▸ **What you will do**
Find the line that holds "- Confeccionado con", then repeat it and each line below it word for word through the end of the listing, leaving out pictures.

▸ **Extracted entries**
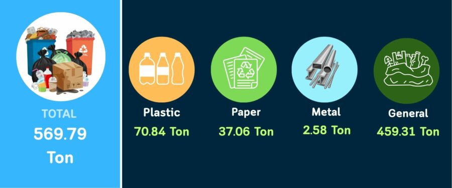 • Plastic waste amounts to 70.84 tons, consisting of bottles, food packaging, and single-use plastics. The university encourages effective waste segregation to maximize recycling potential.
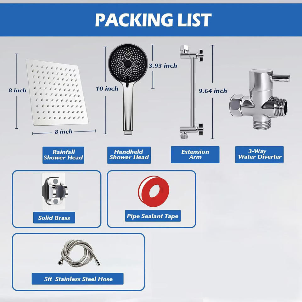 Ensemble de douche en acier inoxydable avec pommeau de pluie carré et douchette à main 3 vitesses, finition chromée anti-corrosion
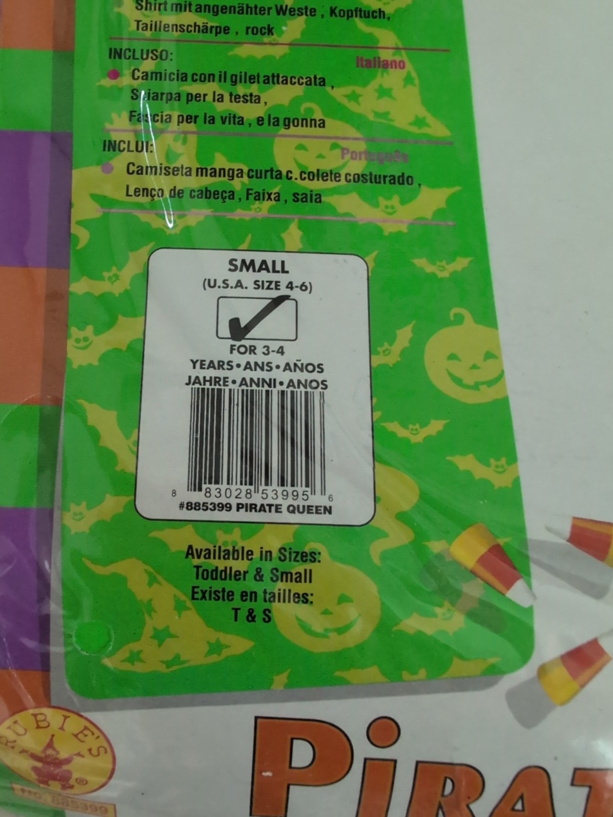Pirate Queen Child Costume Size Small Brand New By Rubie's 885399
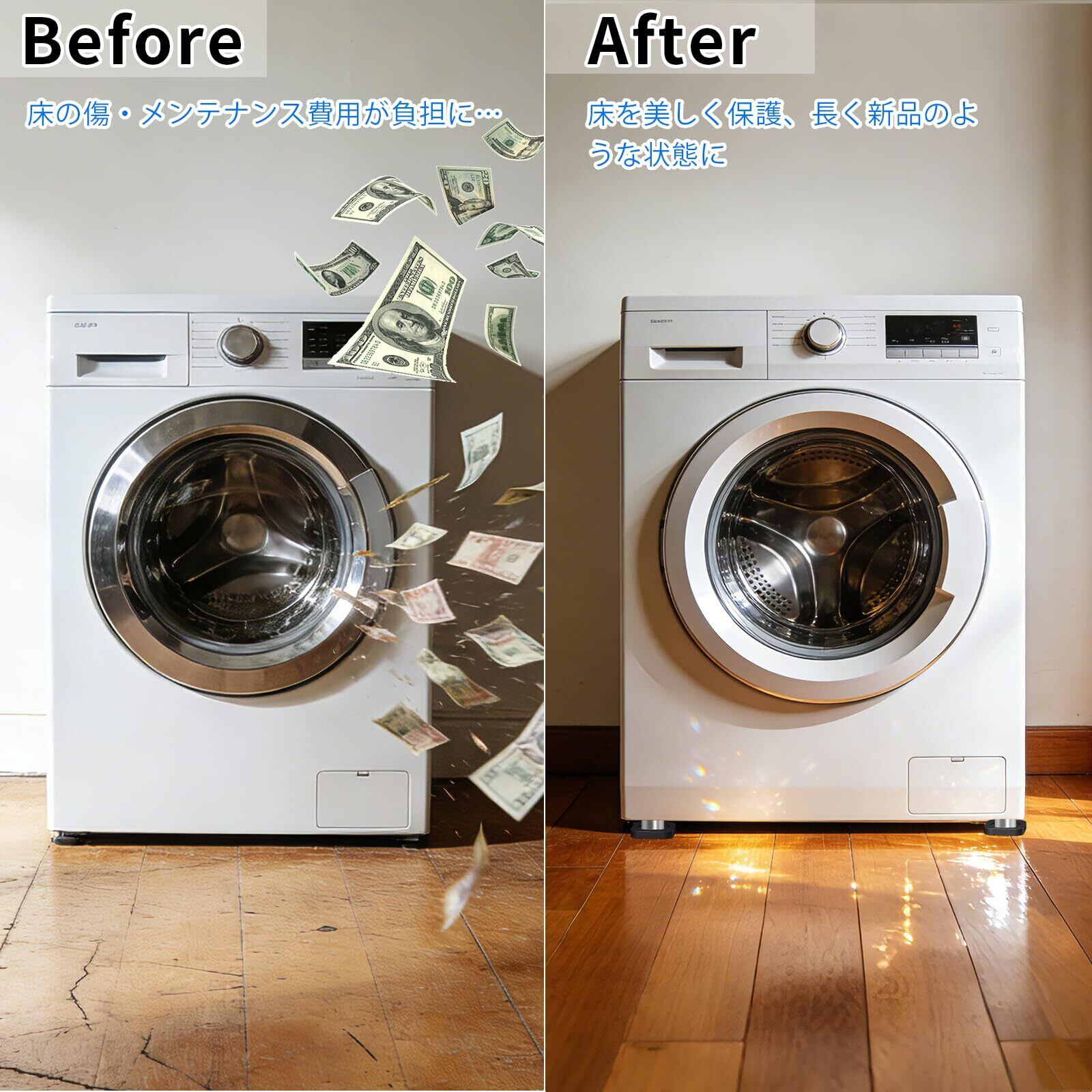 裏返して使用可能:ほとんどの洗濯機にしっかり対応可能。洗濯機、冷蔵庫など騒音や振動が気になる家電の脚下へ置くだけでカンタンに防振・防音・防傷効果が得られます。
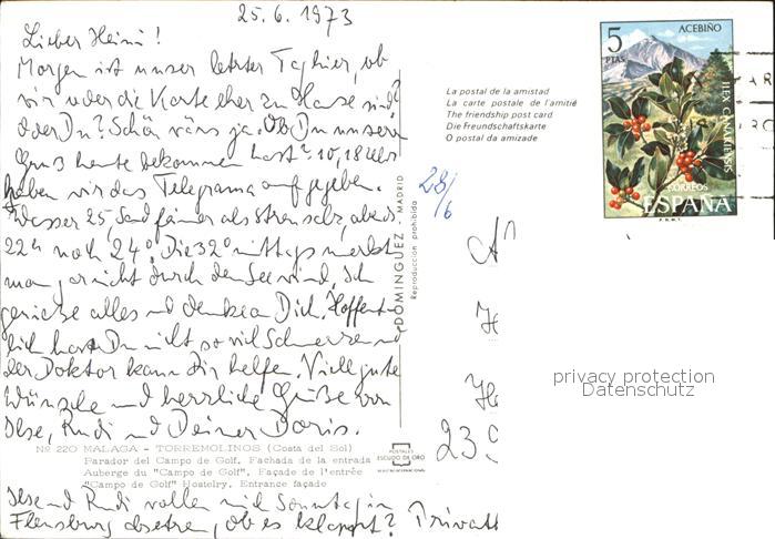 old postcard Torremolinos Parador del Campo de Golf postalisch gelaufen Erhaltung siehe scans
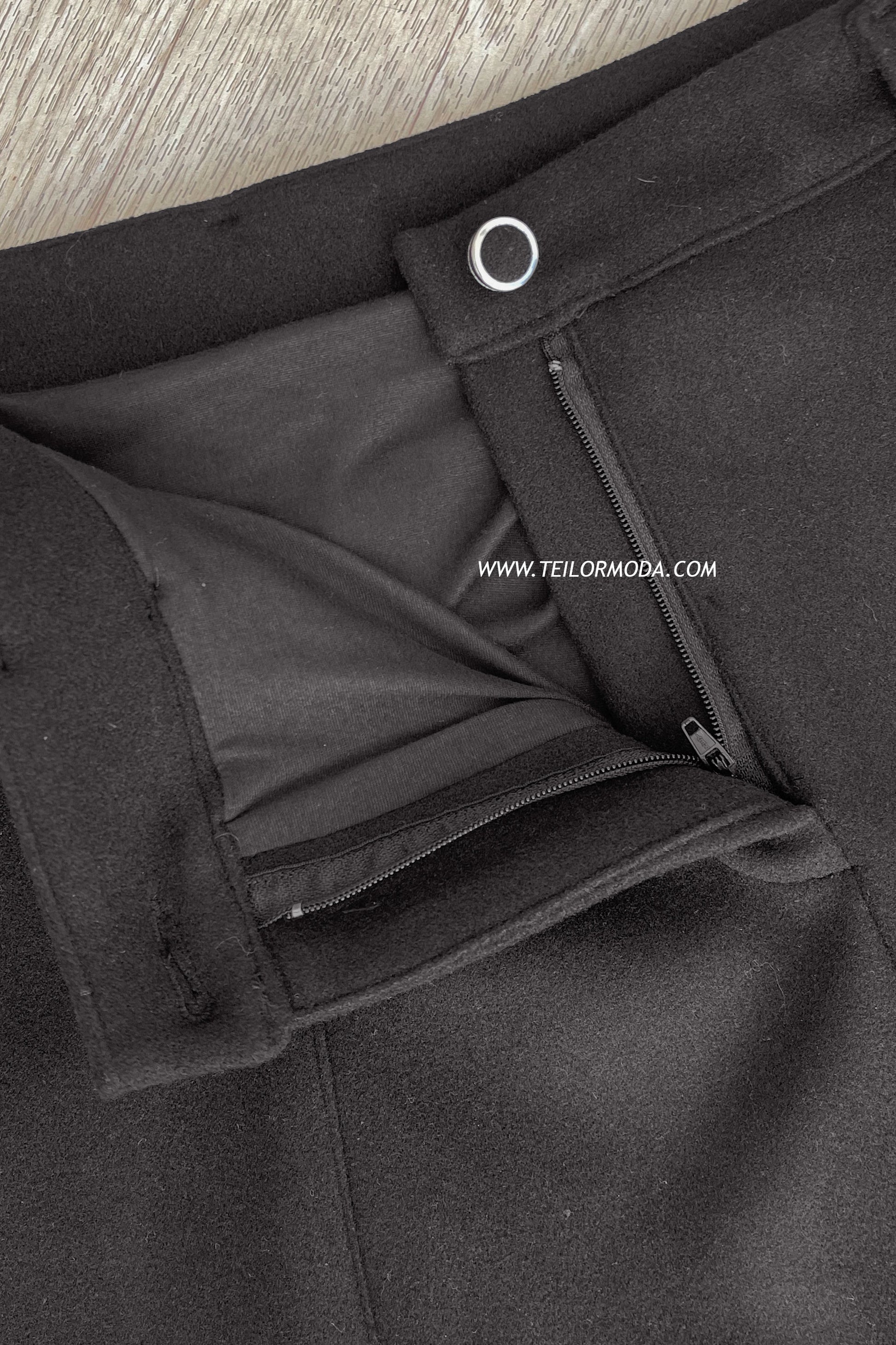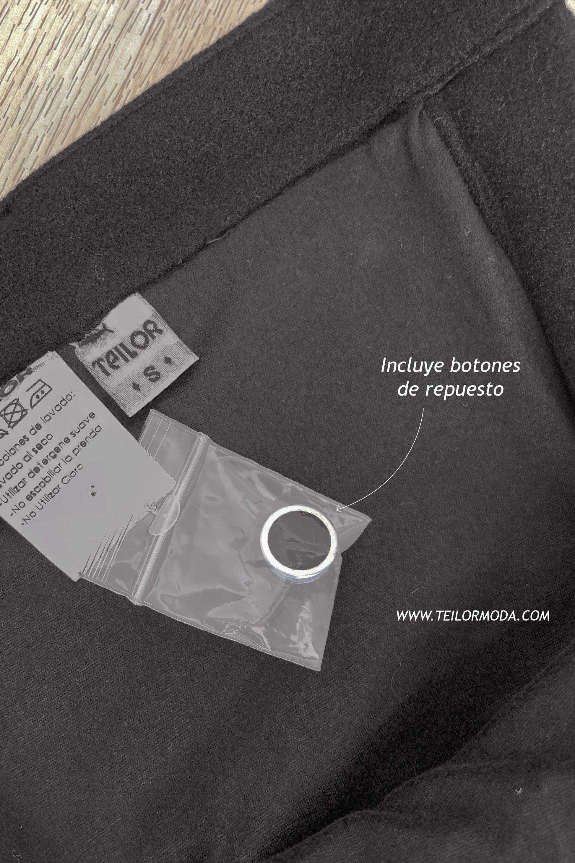 - Confeccionado con tela de paño, es de textura gruesa, perchado y semi strech que se adapta a la silueta, lo cual convierte a la prenda perfecta para climas fríos.
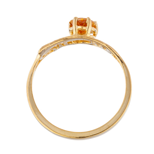 14Kt Gold Orange Citrine & Diamond Heart Mom Ring
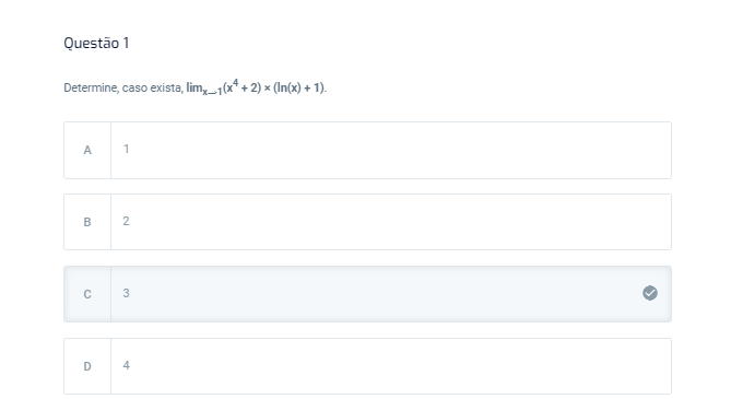 Questão 1 Determine, caso exista, 4 + 2) x (In(x) + 1). A 1 B 2 C 3 D 4
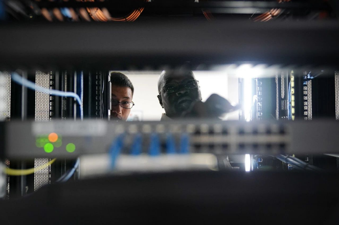 4月9日,在南苏丹首都朱巴,工作人员在南苏丹空中交通管理系统工程项目的空管中心设备机房内调试设备。新华社记者 韩旭 摄
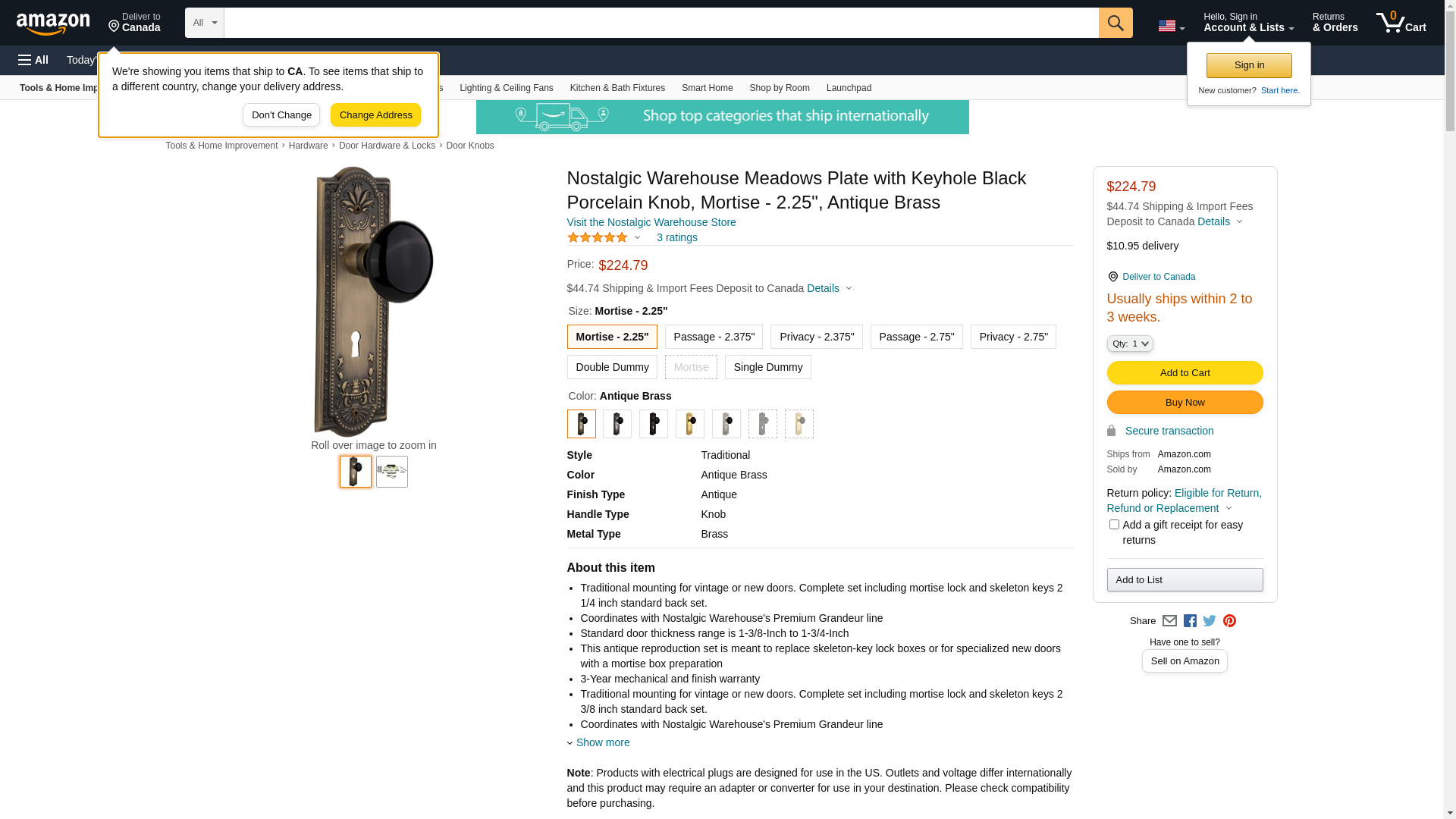 Meadows Collection - Mortise - Meadows Plate with Black Porcelain Knob with Keyhole in Antique Brass by Nostalgic Warehouse - 710405 | MyKnobs

▸ **Solution for this exercise**
 - Confeccionado con tela de paño, es de textura gruesa, perchado y semi strech que se adapta a la silueta, lo cual convierte a la prenda perfecta para climas fríos.
 14Kt Gold Orange Citrine & Diamond Heart Mom Ring
 Questão 1 Determine, caso exista, 4 + 2) x (In(x) + 1). A 1 B 2 C 3 D 4
 4月9日,在南苏丹首都朱巴,工作人员在南苏丹空中交通管理系统工程项目的空管中心设备机房内调试设备。新华社记者 韩旭 摄
 Meadows Collection - Mortise - Meadows Plate with Black Porcelain Knob with Keyhole in Antique Brass by Nostalgic Warehouse - 710405 | MyKnobs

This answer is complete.